The summer before her senior year, Williamson set a goal to qualify for last year’s Augusta National Women’s Amateur. Despite being ranked outside the top 100 in the world, she was suddenly filled with confidence. She reached the semifinals of the English Women’s Amateur and added a third at the English Women’s Stroke Play before rattling off a few college top-10s in the fall to make a run at an ANWA invitation.
The invite never came, as Williamson, No. 81 in 2021’s final world ranking, was just outside the international cutoff.
“It was annoying to be so close,” Williamson said, “but I put it in the back of mind. I knew if I continued to do what I’d been doing, things would work themselves out.”
She finished her senior year with seven total top-10s (including an emotional first victory at FSU’s home event), a 72.04 scoring average, second-team All-America designation and a bachelor's degree in sport management.
And she wasn’t done.
BOND HAD NEVER ROSTERED three players from the same country. She had yet to welcome a player back for an extra year of eligibility. But that all changed when Williamson, knowing some money had become available after a player transferred in January 2022, asked Bond if she could play a fifth season for the Seminoles.
Bond had Woad coming in to join Heath atop the starting lineup, but she couldn’t say no.
“I’ve always thought based on her confidence being so low as a freshman that if she ever asked and I could do it, that’d she’d be the one who I would say yes to,” Bond said. “And here she is. She wasn’t quite ready last spring to turn pro, and I’m glad I’ve had another year with her.
“She’s such a beacon of light for our program, she brings people together, and now, she doesn’t stop talking!”
Williamson, a co-captain along with Heath and pursuing a second degree in economics, hasn’t been quite as sharp this season, though she still has a sub-73 stroke average. She went through the first two stages of LPGA Q-School last fall to secure Epson Tour status this summer, and then, as planned, she bowed out of Q-Series to remain in school.
Now, Williamson enters her first – and final – ANWA fresh off her best finish of the season, a T-5 at the Florida State Match-Up, the tournament she won last year in which she broke down in tears in Bond’s arms on the final green.
The emotions are sure to be running high again this week as both parents are in attendance to watch their daughter compete, a rare occurrence on this side of the pond; they last both watched Amelia at last summer’s Curtis Cup at Merion. Before getting to Augusta on Sunday, Tracey squeezed in as many appointments as possible while Mark worked long days on the farm to get ahead.
Amelia’s 90-year-old grandfather will keep an eye on the pigs while they’re gone.
“We weren’t going to miss this,” Mark said. “This is a trip of a lifetime for our family because this is it, we’re not going to come back here.”
Tracey normally caddies for Amelia, but with the physical demands of hilly Champions Retreat and hillier Augusta National, the Williamsons thought it’d be best if Mark would don the white jumpsuit and carry the bag.
“It was a hard decision,” Amelia said, “but they both know my game really well, and they both know how to fill me with confidence.”
As Williamson has learned, that’s most crucial.
So, too, is enjoyment.
Bond believes Williamson can play well if she trusts her recent swing changes, gets hot with the putter, and doesn’t put too much pressure on herself.

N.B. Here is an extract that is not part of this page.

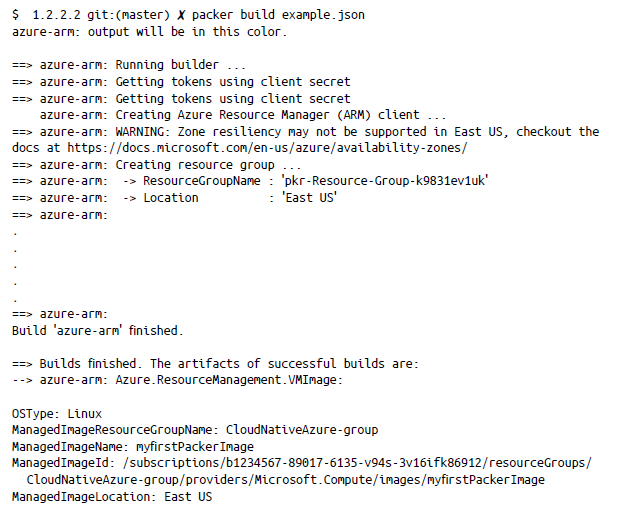 Puedes encontrar el código relacionado con la creación de imágenes de máquina de Packer en https://bit.ly/3GRgswf. Para ejecutar este código, primero debes actualizarlo con los detalles de autenticación del archivo example.json. Puedes utilizar los detalles de autenticación de tu cuenta de Azure del archivo bash_profile. El resultado de la ejecución debe parecerse al siguiente:

Williamson knows this is her one and only chance at Augusta glory, but she also is aware that if she’s stressed, if she’s not herself, it will only hurt her performance.
“I owe it to myself to have fun,” Williamson said. “I worked a year and a half for this, and I’m not going to let a bad round or bad hole stop me from having a smile on my face. … This tournament is going to mean a lot. It’s weird to think that I’ve given my parents an opportunity to walk around kind of inside the ropes at Augusta National. It doesn’t really feel real to me. I think I don’t quite realize how special it’s going to be.
“I think I’m building it up in my mind, trying to play it down … but I think when I get out there, I’ll realize how big of a deal it is.”
So big that she'll try, but this time, she probably won't be able to fight back the tears.